When Viktor was younger he would try to run into the street to get spinning tires. He tried to grab the spinning tires of bikes riding by. When he out grew his stroller, I was concerned so I brought it up with his therapists and they said to get him a backpack with a leash. I did and he tried to bolt a couple of times, but in doing so he ended up unable to go very far and was snapped backward and fell on his bottom. If I hadn’t had the leash though, he would have been hit by a car. He did eventually learn that when he has his backpack on and I have hold of his ‘handle’ (I don’t call it a leash to him because it too much makes me think of a dog) he knows he can’t leave and doesn’t try to bolt anymore. He has, for the most part lost interest in spinning things though. He still lines things up and he rocks a lot more now then he used to (before it was spinning things, any things.) He stopped flipping pages in books about the time the spinning fascination died.

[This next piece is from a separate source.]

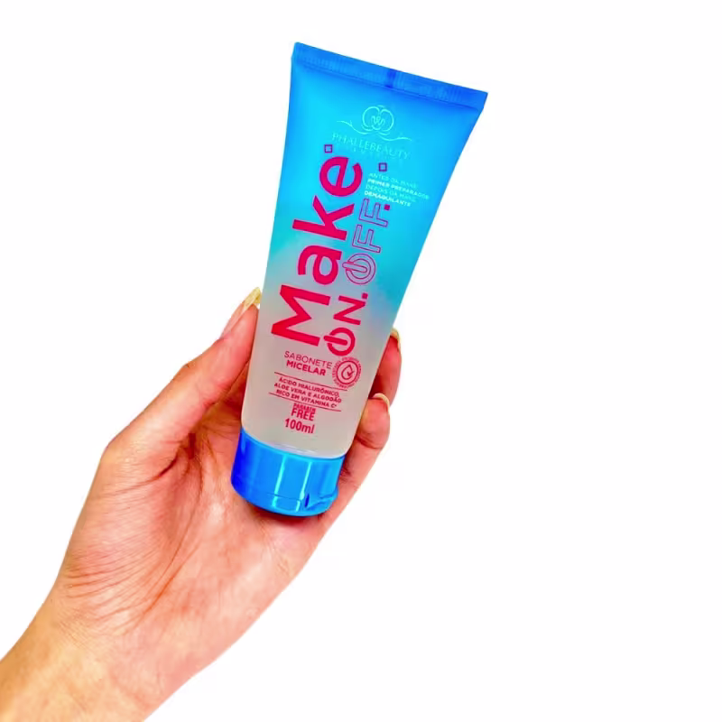Sabonete líquido para o rosto. Phállebeauty Make On Off ajuda a remover os resíduos e impurezas da pele antes e depois da make.
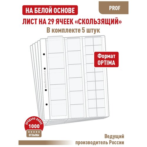 Комплект из 5-ти листов Albommonet "PROFESSIONAL" односторонние на белой основе на 29 ячеек"скользящий". Формат "Optima"

Anyway, I don’t personally think that wandering in and of itself could should be considered an autistic trait or mode to diagnosis. How many little children are just naturally curious and will wander off to go see something that piques their interest? If it isn’t accompanied by the other symptoms, the wandering as a symptom should be null. I don’t think enough autistic people wander to make it part of the official diagnosis, but to a degree, if it is a problem with many of them, putting in the diagnostic manual, will allow some kind of intervention to be done and possibly covered by insurance (E.g. a backpack with a leash?) Just a thought…

Mercurochrome/methiolate was for sissies – we used Iodine because if didn’t hurt it wasn’t helping.

It’s called epigenetics, and yes it does affect successive generations.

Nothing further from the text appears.